CD「音の葉隠れ」を拝聴して 貴志清一
古典本曲の名手、泉武夫氏の新しいCD「音の葉隠れ」が発売されました。
地無し尺八を中心に産安等の名曲を吹いていますので早速聴きました。
一言で言えば「すばらしいCD」です。
収録曲は次の9曲です。
亭/雨月/延〈以上泉武夫〉/山越双管/荒城の月Duo〈泉武夫編曲〉/薩慈/山谷/鹿の遠音/産安
自作自演曲も3曲ありなかなか意欲的なCDです。横山勝也の直弟子で、その情熱的な演奏を見事に受け継いでいる演奏です。
参考として私の感想を述べさせていただきます。
全曲一流の尺八演奏家をも凌ぐ名演奏の数々で、まず感心しました。
それに種々たくさんの尺八を縦横無尽に吹きこなしていて常人ではない高い吹奏力にも圧倒されました。
とにかく十年一日のごとく一尺六寸・一尺八寸・二尺四寸の3本をカタツムリのごとくのんびり吹いている私自身を振り返るよい機会になりました。
少し聴かせていただいて、どういう風に私にとって勉強になったかというのは以下の通りです。
薩慈、産安など往年の全盛期の横山勝也氏を彷彿させる情熱的な演奏で感心しました。
このタイプの曲に必要な高い吹奏能力の裏付けが伝わってくるようでした。
「亭」等の自作曲は、昔流行った単なる12音を確率で並べるとか、わざと不自然な音の流れを連続させるといった自己満足的な音楽ではなく、
作曲者自身の自然な感性、音の流れを入れて、しかし現代曲として成立させているところは本当に見事だと思いました。
滝廉太郎の「荒城の月」もほとんど「荒城の月による幻想」とでもいうべき創作意欲に満ちた作品だと思います。
原曲の4/4拍子をくずしているところは、私のようにある程度西洋楽器を学んだことのある者にとっては違和感はあるのですが、
通常の音楽を聴く人にとっては夢の世界とでも言うべき素晴らしい音の空間だと思います。
「鹿の遠音」は私も、何十回と小さな演奏会で吹いていますが、地無し管でここまで音のコントロールができることは驚きです。
普通の尺八愛好家が地無し管を吹くと、
・鳴らない
・音が不安定
・コロや特殊音が出にくい、
となるのですが、この琴古流秘曲の「地無しで吹く鹿の遠音」はそういった偏見を見事に打ち破っています。

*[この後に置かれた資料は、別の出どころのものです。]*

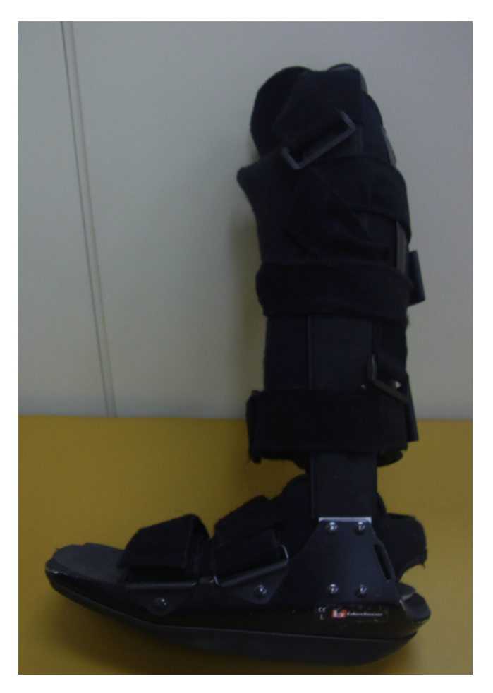
Figure 1. Bledsoe Walking Boot used in the study.

The records of 47 patients (mean age, 53.9 \pm 12 years) who were treated surgically for an ankle fracture at our hospital from January 2008 to October 2014 were reviewed retrospectively. This study was conducted in conformity with the principles of the Helsinki Declaration. The study was a retrospective review of the medical records and hence did not require a review by the Local Research Ethics Committee. The diagnosis was made with a plain radiograph, which was a displaced or an unstable fracture of the ankle including unimalleolar, bimalleolar, and trimalleolar injuries. Patients who were treated surgically and were followed up for at least 6 months were included. Patients with a pilon fracture of the tibia, an open fracture, multiple trauma, a history of previous ankle surgery, and who were unable to adhere to the postoperative protocol were excluded. The surgical procedure in all patients was an open reduction and an internal fixation in accordance with the AO/ASIF (Association for Osteosynthesis/Association for the study of Internal Fixation) methods.<sup>23</sup> Either a PC (25 patients) or a WB (22 patients) (Bledsoe Brace Systems, Grand Prairie, TX, USA: Figure 1) was prescribed postoperatively. The patient demographics are
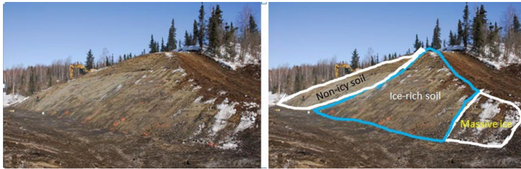
Three material types exposed in permafrost cut slope, prior to any thaw. (Dalton Highway example of surprises encountered when constructing a cut slope in icy materials)

Construction activities that affect permafrost include clearing vegetation, excavation of ditches, and side and through cuts. The duration of time excavations are exposed is an important factor, especially if excavation must occur during warm conditions. Construction during summer and fall increases the potential to permafrost thaw. Diverting and concentrating melt ice flow accelerates erosion, and silts and fine sands are more susceptible. When thawing, ice-rich permafrost experiences substantial reduction in strength due to high water content, lack of drainage, and consolidation, and can cause slope failure. Construction during winter is considerably more expensive.
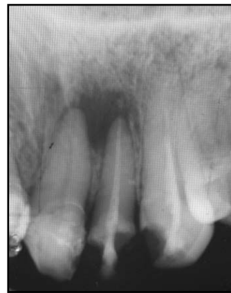
Figure 3. Radiographic image of 22 one month after MTA treatment

At first the anesthesia was performed, the phlegmon was opened and drained with antiseptics. General oral treatment was indicated with antibiotics and analgetics. At the second appointment we continued the mechanic canal treatment, used antiseptics lavages with sodium hypochlorite 2.5% and then we placed calcium hydroxide in the canal for a week. At the next appointment the calcium hydroxide was removed with H 2 O 2 , and in the moisturized canals we placed MTA with Lentullo, and we placed a moisture cotton ball in the pulp chamber. After 4 hours we checked if the MTA set and we placed a temporary filling. The evolution of the periapical lesion was radiographically assessed at 1 month ( Figure 3 ), 3 months ( Figure 4 ) and 6 months ( Figure 5 ). After 6 months with MTA treatment there was an important improvement of the periapical lesion.

私は二代目河野玉水師の地無し管を使っていますが、これは頼み込んで「節を残して」作ってもらったもので、もう少し落ち着いた音です。
https://comuso.sakuraweb.com/bamboo409.htm
それで私の演奏はやや控えめな「鹿の遠音」になるのですが、秋の奥山で雌雄の鹿が鳴き交わすのですから、
いつか連管で泉氏に雄鹿、私の節残し地無し管で女鹿として演奏してみたいと思いました。
こんな素晴らしいCDですので、たくさんの尺八学習者に聴いてもらいたいものだと思いました。
※「CD音の葉隠れ」は邦楽ジャーナルの通販部で取り扱っています。